Michael Kieran Harvey, pianist
When we get to the “composers and genres”, Yu’s talent of stylistic parody shines through with variations based on canonical works. The best of these are treatments of Bach’s “Prelude in C minor, Book 1”, Vivaldi’s “Spring”, Saint-Saëns’ “Dance Macabre”, Puccini’s “Nessun Dorma”, Rachmaninov’s “Prelude in G Minor” and Copland’s “Rodeo”.
Yu’s variations using bitonal, atonal, serial and symmetrical scale techniques are also very clever and aurally attractive.
With the exception of his ragtime parody, the five movements in the “popular” category fall a bit flat, but Yu’s decorative approach in his Japanese, Korean, Indonesian and Chinese variations provides a fitting end to the monumental work.
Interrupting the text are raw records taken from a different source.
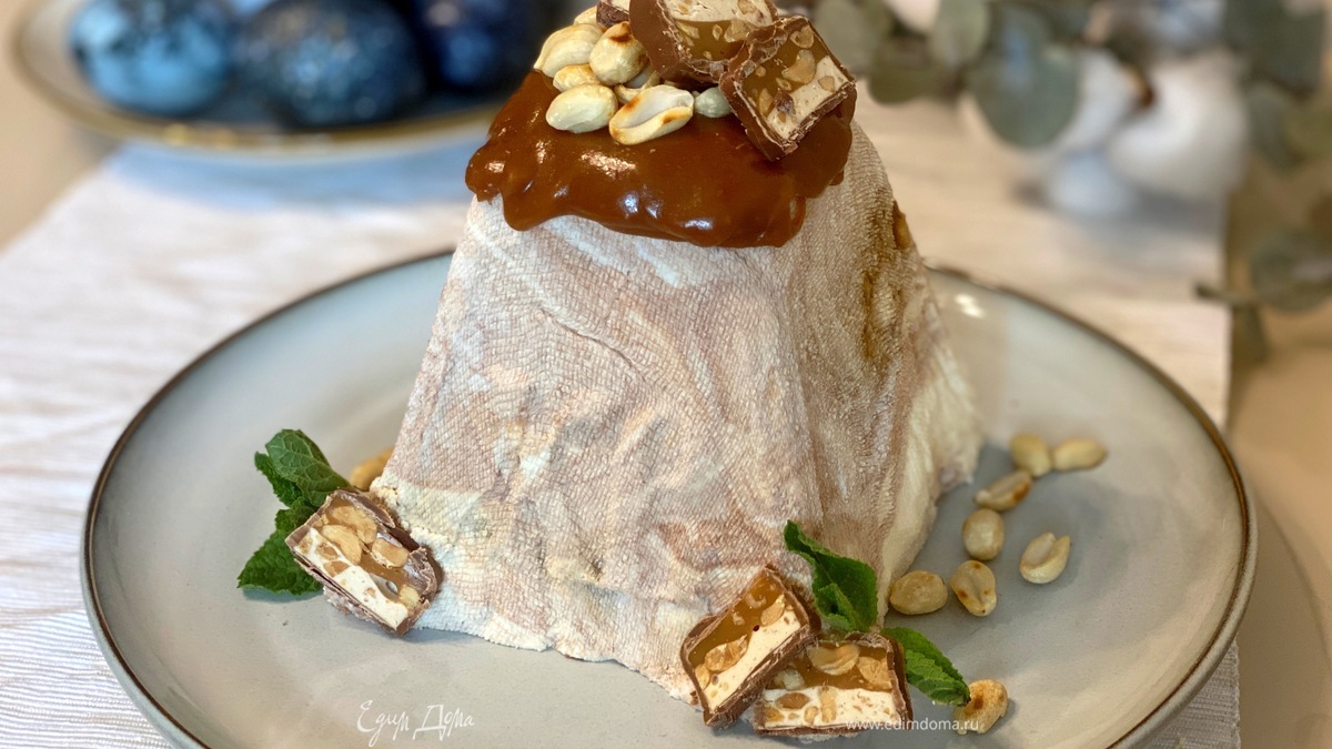 Приготовить на пасхальный праздничный стол можно как традиционные блюда по старинным семейным рецептам, так и современные угощения. Например, пасху «Сникерс» с карамелью и арахисом. Вкус любимого шоколадного батончика порадует детей и удивит взрослых. Вы можете использовать готовую карамель или приготовить ее самостоятельно. Для пасхи понадобится специальная форма — пасочница.
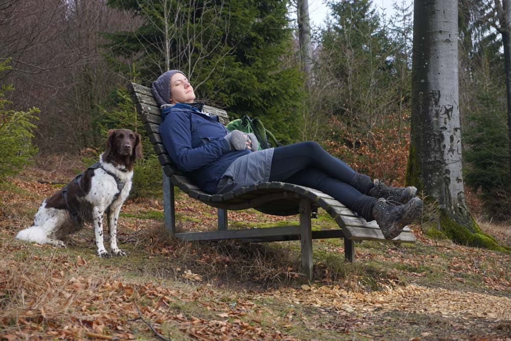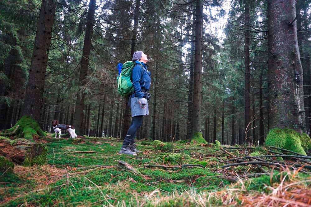 »Ist das dieses Waldbaden?«, frage ich meine Mitwanderin, als ich nach sechs Stunden strammer Wanderung im Dauerregen bis auf die Knochen nass bin. Sie lächelt, denn unter ihrem weiten Regenponcho ist sie deutlich trockener als ich unter meiner durchgeweichten Regenjacke. Selbst Wanderhund Lotte, eine Münsterländer-Dame, ergeht es unter ihrem Regenmantel besser als mir. Aber es sind nur noch wenige Minuten bis zur Unterkunft und dort wartet eine heiße Dusche auf mich. Beim Weitwandern unter solchen regnerischen Bedingungen gewinnen die kleinen Dinge im Leben eine große Bedeutung. Wann erfreuen wir uns im Alltag schon mal an der Selbstverständlichkeit einer heißen Dusche? Wer mehrere Tage zu Fuß in der Natur unterwegs ist, den Witterungsbedingungen – egal ob Regen, Sturm oder sengende Hitze – gnadenlos ausgeliefert ist, erkennt zwangsläufig den Wert alltäglichen Komforts.
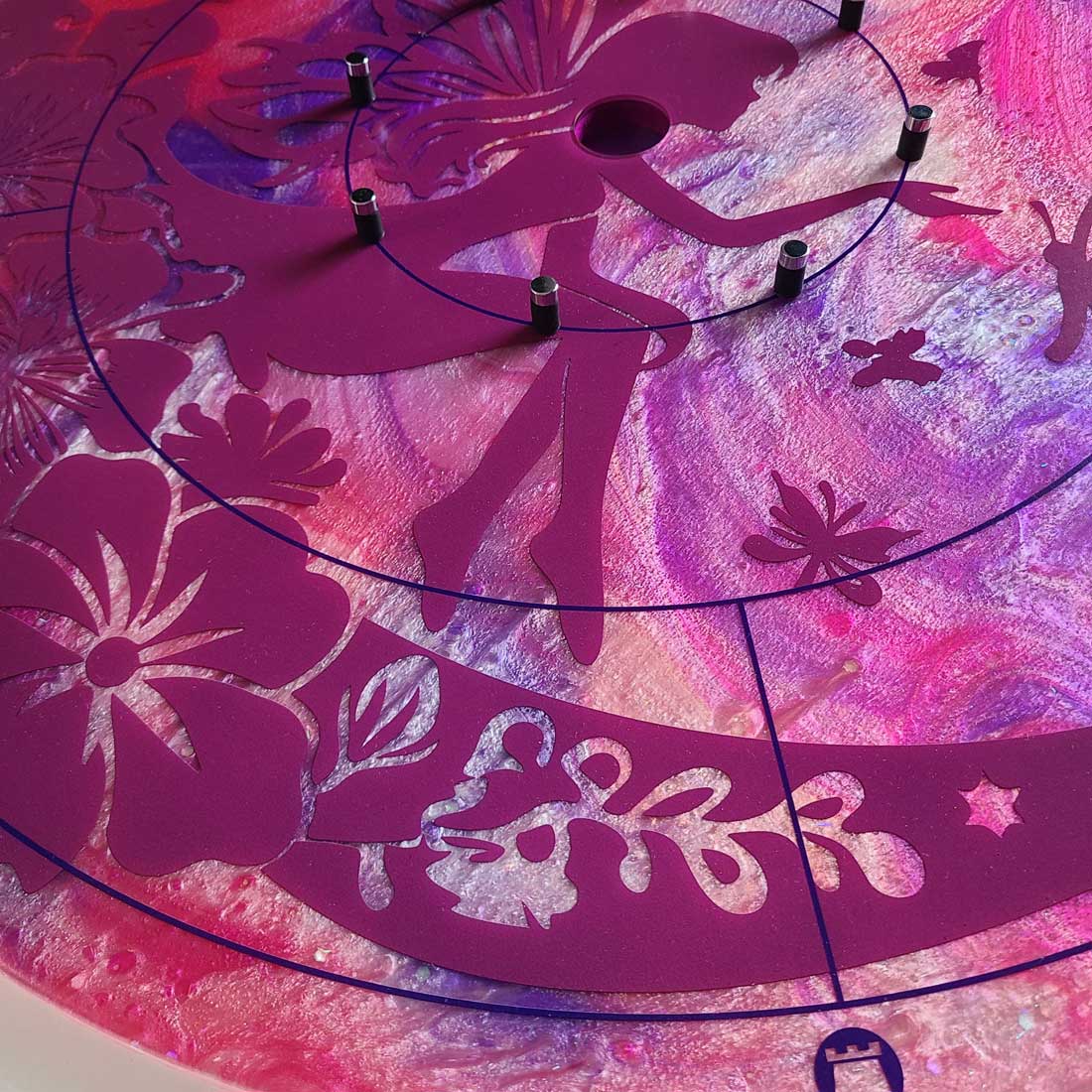 A unique resin Crokinole board featuring a fairy scene in a magical surface on a white wooden rail.

As for the Kabalevsky, Yu’s approach is reverential rather than in any way imposing or inappropriately flamboyant.
Michael Kieran Harvey’s performances are very impressive. It is wonderful to hear the subtlety of his playing of simple textures (even single lines) because we are so used to hearing him play dazzling virtuosic music. Particularly impressive is the flawless rhythmic flow of his overdubbing of the second piano part in the Kabalevsky pieces.